Kraftvoll und eindrücklich ließ Kim die Gemälde am Hörer vorbeiziehen. Sprunghaft der Gnom, kantabel und ein wenig schmerzliche Erinnerung im alten Schloss, kapriziös in den Tuilerien, schwerfällig mit dem Ochsenkarren, ballettös die Küken, gravitätisch und streitbar  in Samuel Goldenberg und Schmuyle, scherzhaft auf dem Marktplatz in Limoges, ausgedehnt in den Katakomben, mit Feuer in der Hütte der Baba-Yaga und schließlich mit majestätischer Grandezza am Tor von Kiew. Bei aller Lebendigkeit und Freude, mit der Kim durch die virtuelle Galerie führte, konnten viele technische Fehler nicht verhehlen, dass er dieses Werk noch nicht so recht beherrschte. Auch musste er (noch) vom Blatt spielen. Viele Stellen waren gehudelt (vor allem der Marktplatz in Limoges ging so ziemlich daneben) oder klangen noch unfertig (beim Tor von Kiew). Schade, denn vielleicht wäre es besser gewesen, das sattsam bekannte Werk noch etwas ruhen zu lassen.

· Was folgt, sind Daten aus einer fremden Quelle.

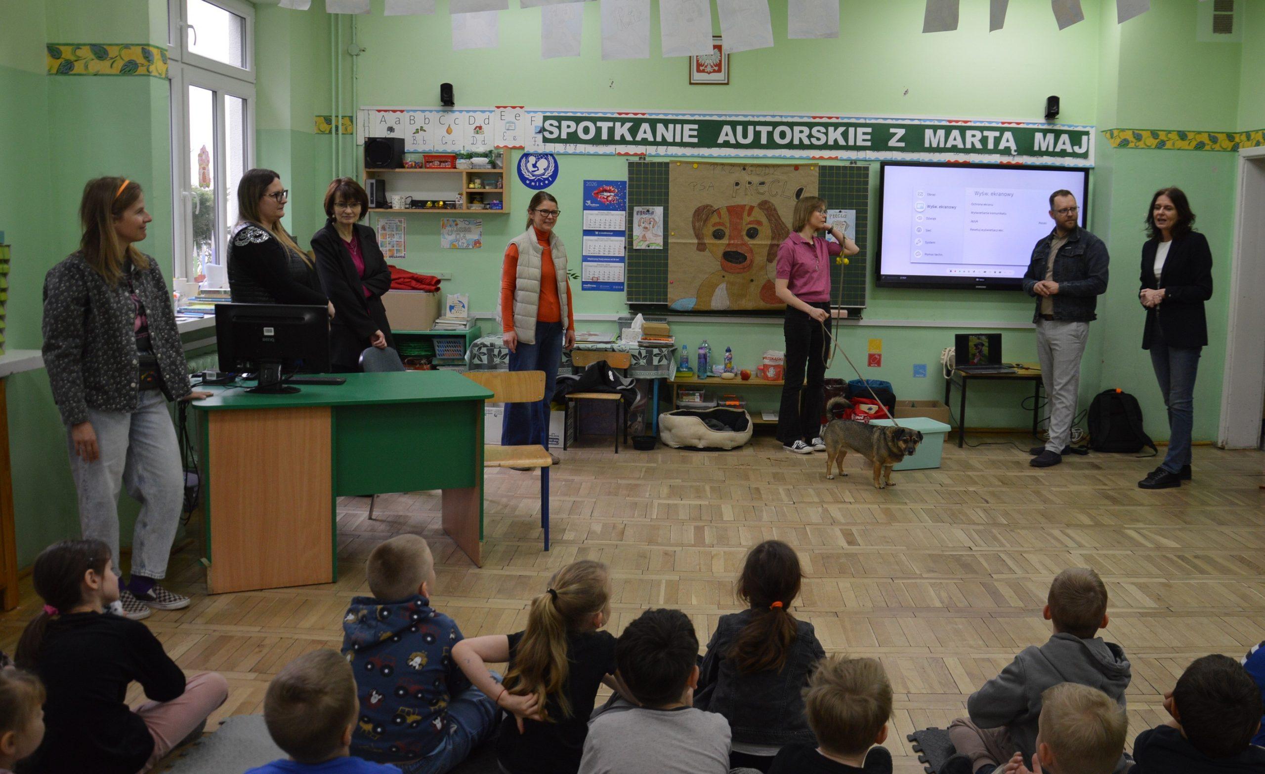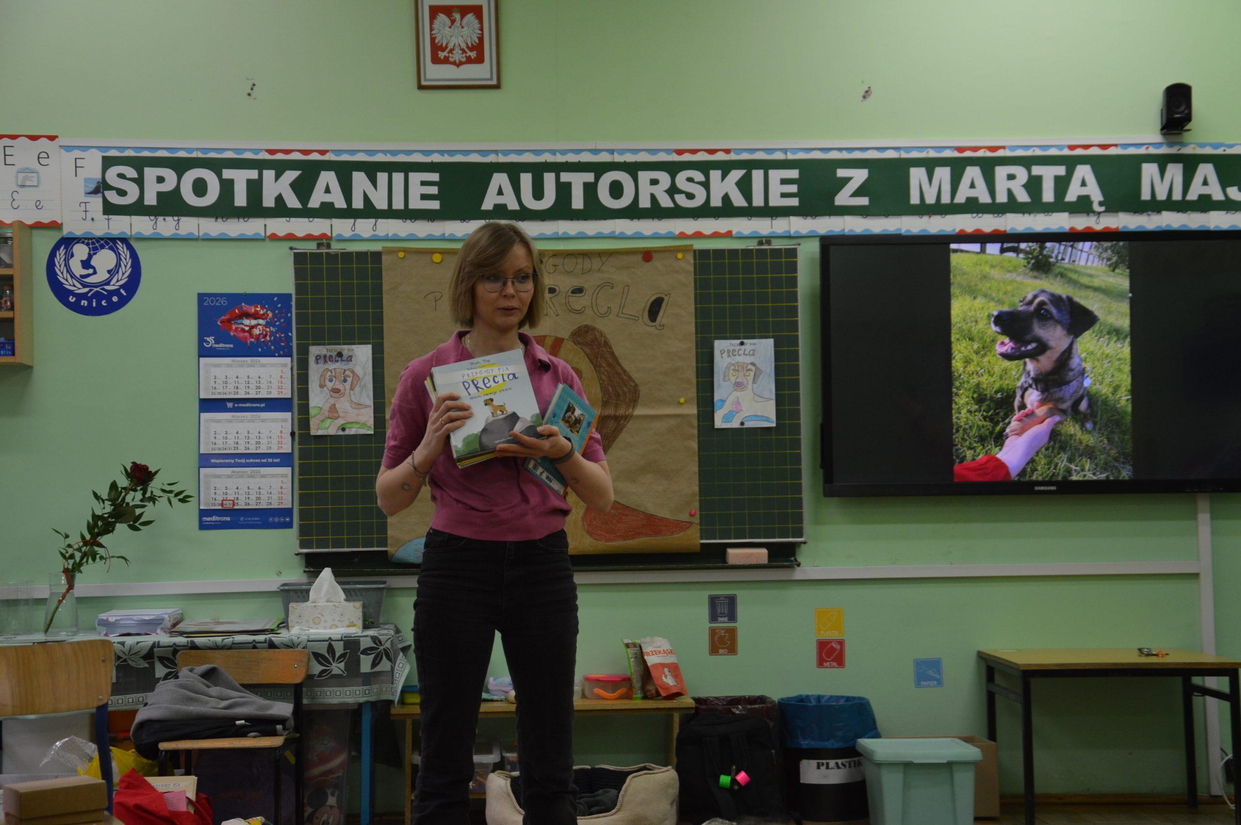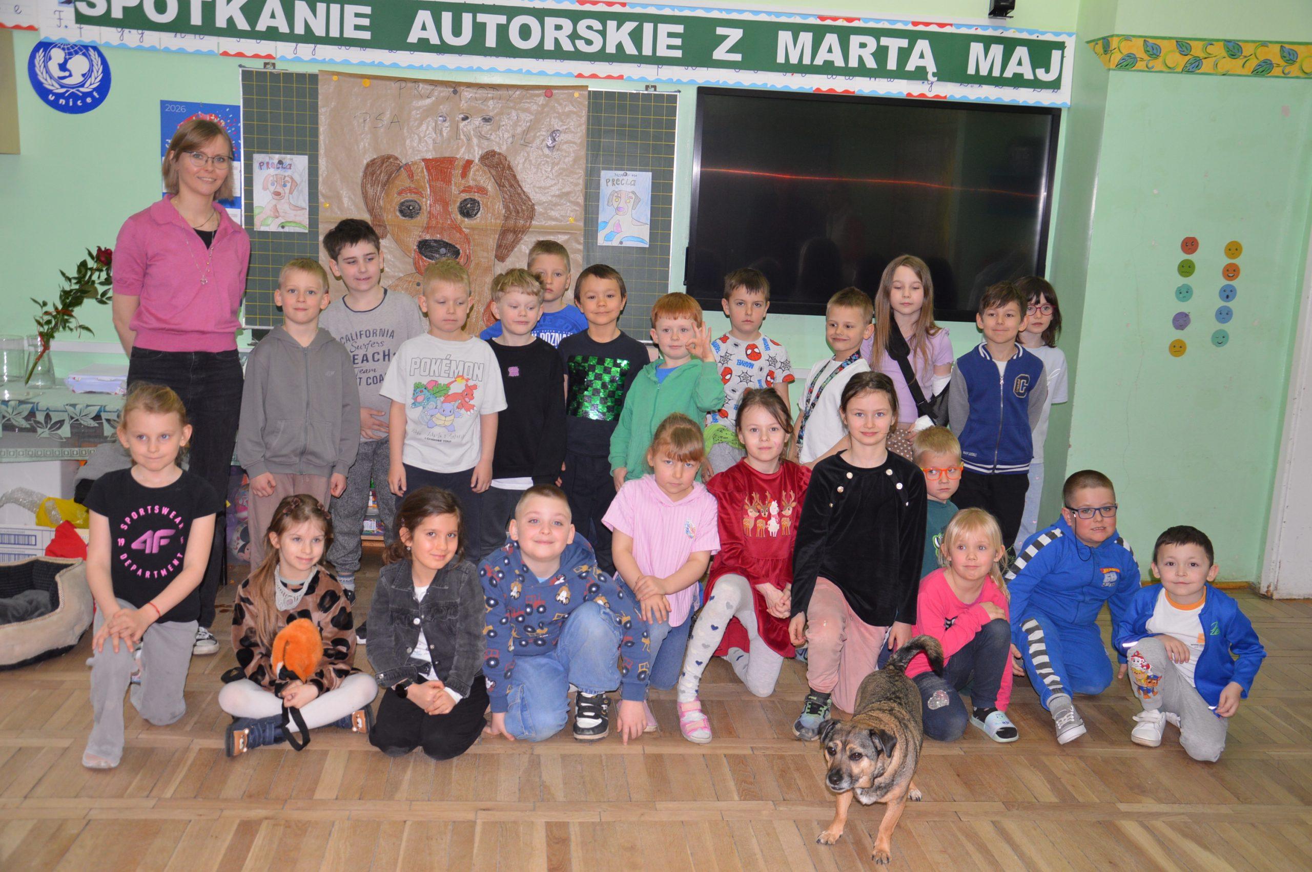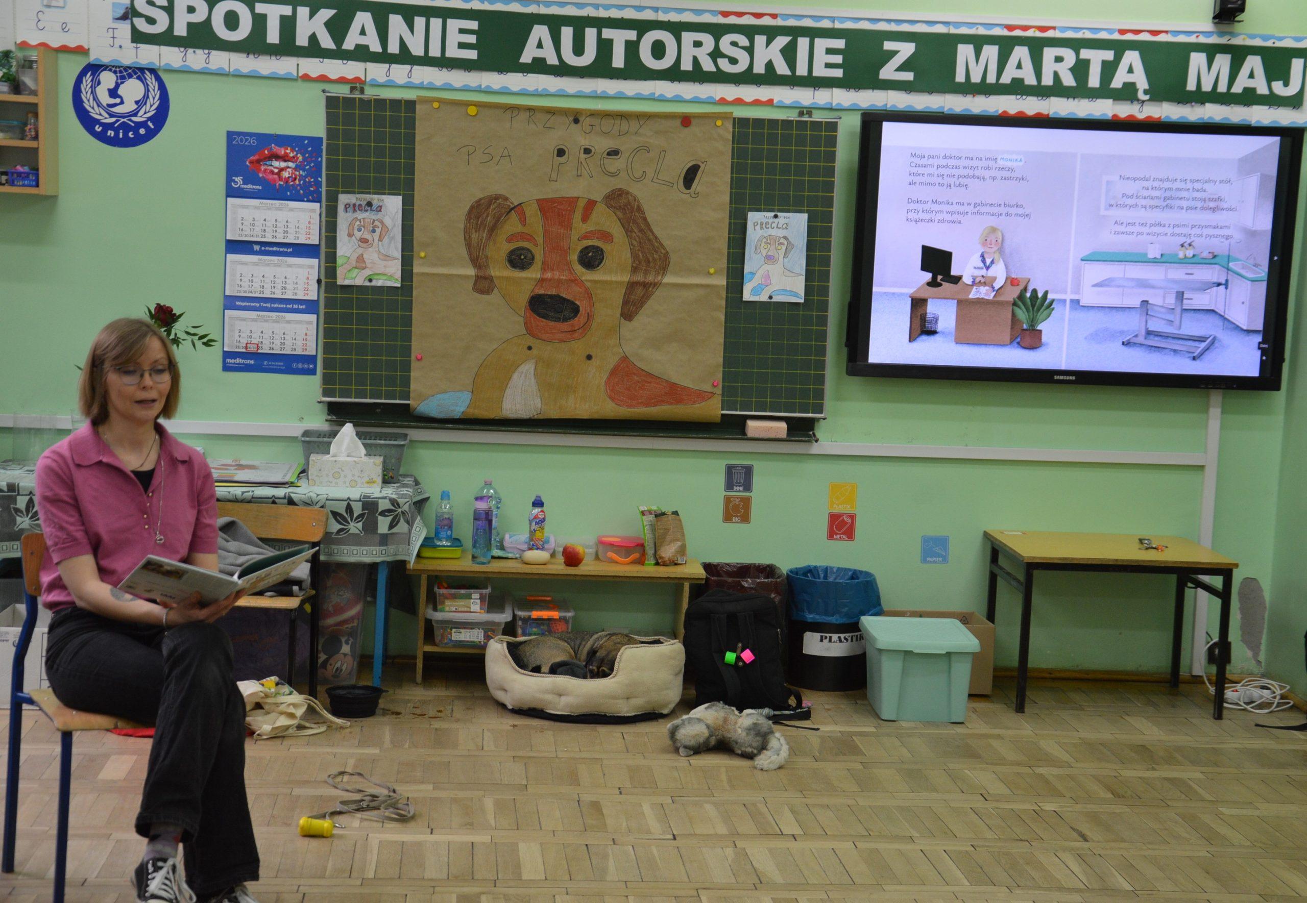Dnia 24.03.2026r. w klasach 0A i 0B odbyło się niezwykłe spotkanie autorskie z Panią Martą Maj  oraz psem Preclem, bohaterem serii książek dla dzieci „Przygody psa Precla”.
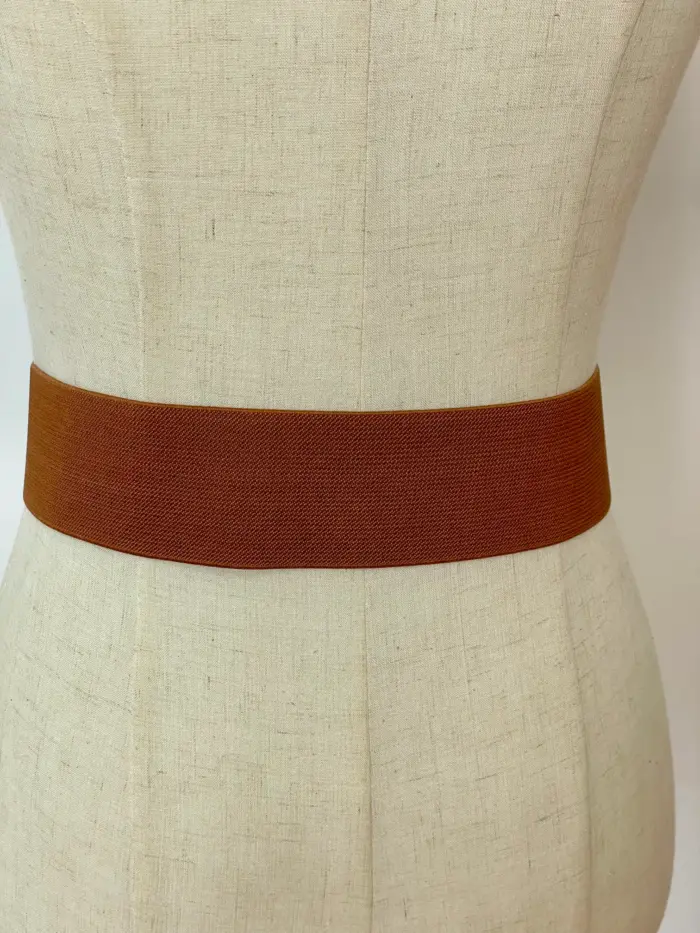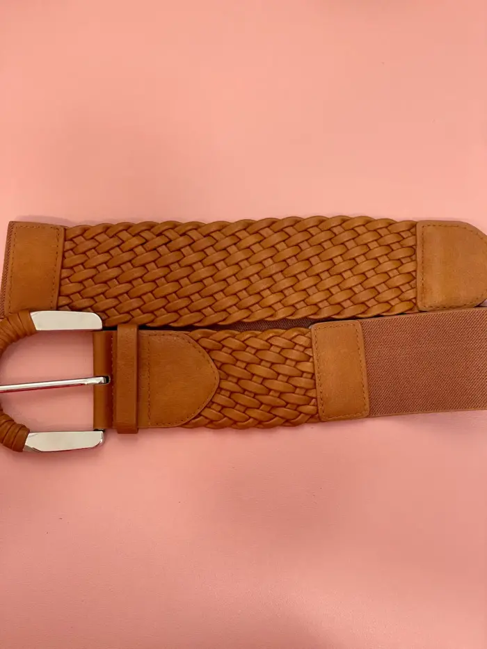Cinturón con goma y con toda la parte delantera y la hebilla trenzadas. Es auto regulable y el ancho mide 6 cm

Dem Publikum war es egal. Es klatschte frenetisch und forderte Zugaben, die auch folgten: eine selten gespielte Mazurka (1891) und Clair de Lune aus der Suite Bergamasque (1905), beide von Claude Debussy. Hier wiederum bewies Kim, dass er zu Recht mit größten Auszeichnungen dekoriert ist und einen Sonderplatz in der Next Generation einnimmt.